This is the second edition in a three-part series that promise to make readers more social media savvy.
BASIC #4: Know the lingo
LESSON: If you know the crimes that seemingly innocent gossip or a spur-of-the-moment insult constitute, you will know which behaviour to avoid online.
There are certain legal definitions that describe illegal online behaviour. Let us look into some frequently encountered examples.
- What is defamation?
Defamation is the wrongful, intentional (or in the case of the media, negligent) publication of words or behaviour concerning another which has the tendency to undermine his status, good name and reputation.
- What is harassment?
The Harassment Act’s definition of harassment is very wide. Whenever you are talking to or about someone who does not want you to speak to or about them, this could constitute harassment. Online bullying is a form of harassment, as is stalking.
- What is crimen injuria?
The unlawful,intentional and serious impairment of another’s dignity. When crimen injuria is committed, the wrongdoer makes the victim feel that his dignity has been impaired. An insult is a good example of crimen injuria, as is using a degrading term such as the k-word.
- Hate speech:
The Promotion of Equality and Prevention of Unfair Discrimination Act of 2000 (PEPUDA) states that no person may make a statement that promotes or propagates hatred and is hurtful, harmful or incites harm.
Hate speech exists when a statement discriminates against a certain group of people, propagates harming them and is hateful or hurtful. Hate speech against others based on their race, gender, sex, pregnancy, marital status, ethnic or social origin, colour, sexual orientation, age, disability, religion, conscience, belief, culture, language and birth are specifically prohibited.
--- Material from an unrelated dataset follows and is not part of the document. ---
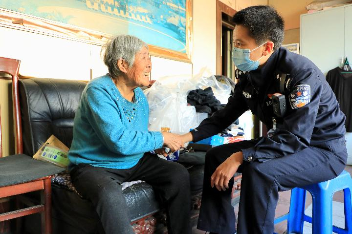 2021年11月,在七台河市桃山区,刘欣走访慰问辖区老人。新华社发(七台河市公安局供图)
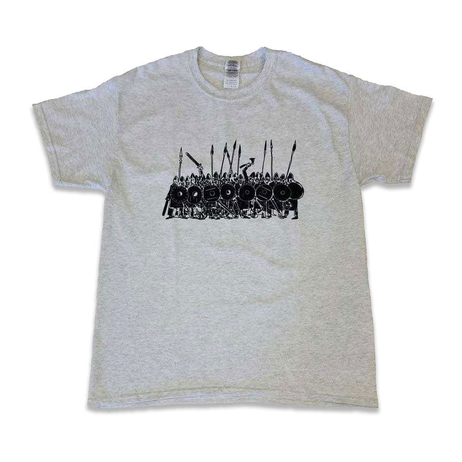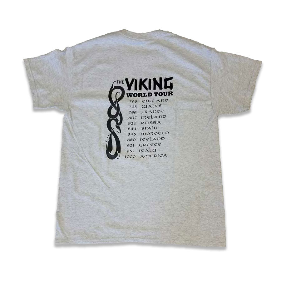 This grey short-sleeved t-shirt features Vikings with shields and spears on the front and "Viking World Tour" with dates and countries listed on the back.

#BASIC 5: Know the consequences of defamation
LESSON? Don’t gossip about anyone online. It will cost you thousands of rand. If you are tagged in a rude post about someone else, untag yourself.
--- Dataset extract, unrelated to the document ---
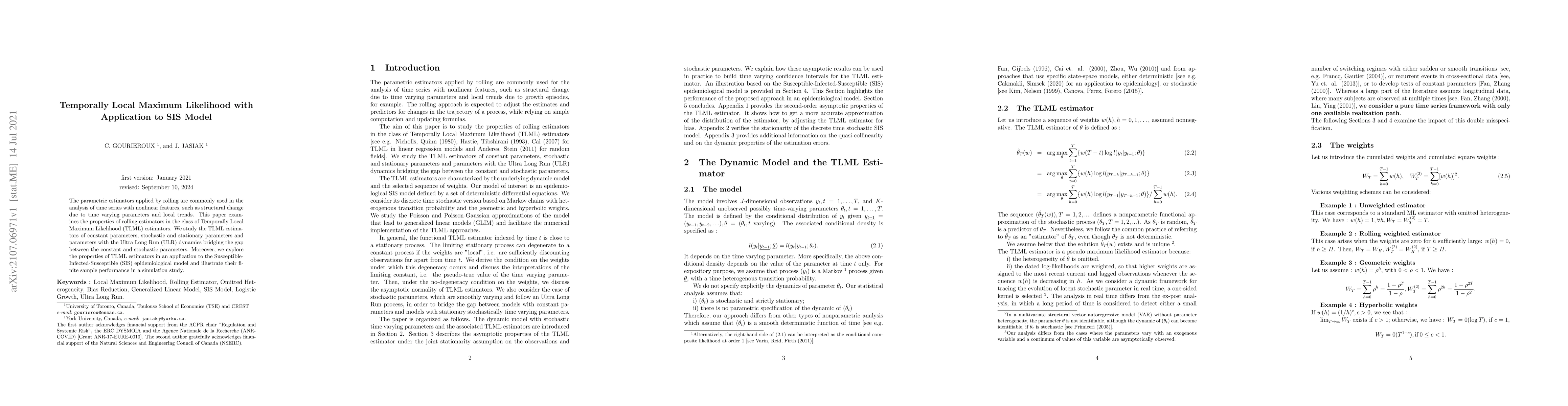The parametric estimators applied by rolling are commonly used in the analysis of time series with nonlinear features, such as structural change due to time varying parameters and local trends. This paper examines the properties of rolling estimators in the class of Temporally Local Maximum Likelihood (TLML) estimators. We study the TLML estimators of constant parameters, stochastic and stationary parameters and parameters with the Ultra Long Run (ULR) dynamics bridging the gap between the constant and stochastic parameters. Moreover, we explore the properties of TLML estimators in an application to the Susceptible-Infected-Susceptible (SIS) epidemiological model and illustrate their finite sample performance in a simulation study.

Defamation: If you defame someone online the court may order you to pay R40 000 in damages.
This happened in 2013 in the High Court case of Mr Isparta v Mrs Richter. Mrs Richter and Isparta were divorcing and their relationship had turned sour. Richter logged onto Facebook and badmouthed Mr Isparta. She tagged a male friend in her statements about Mr Isparta.
The male friend did not untag himself. For that reason, the court held him as liable as Mrs Richter, the defamer. The defamer and her tagged friend did not think that they had done anything wrong, as they presumed they were entitled to publish anything about anyone online. The court ruled that this was not the case and they were slapped with R40 000 in damages.
#BASIC 6: Know the consequences of hate speech, crimen injuria and harassment
LESSON: If you do not want to end up in jail and ruin your reputation, do not bully, harass or insult others online.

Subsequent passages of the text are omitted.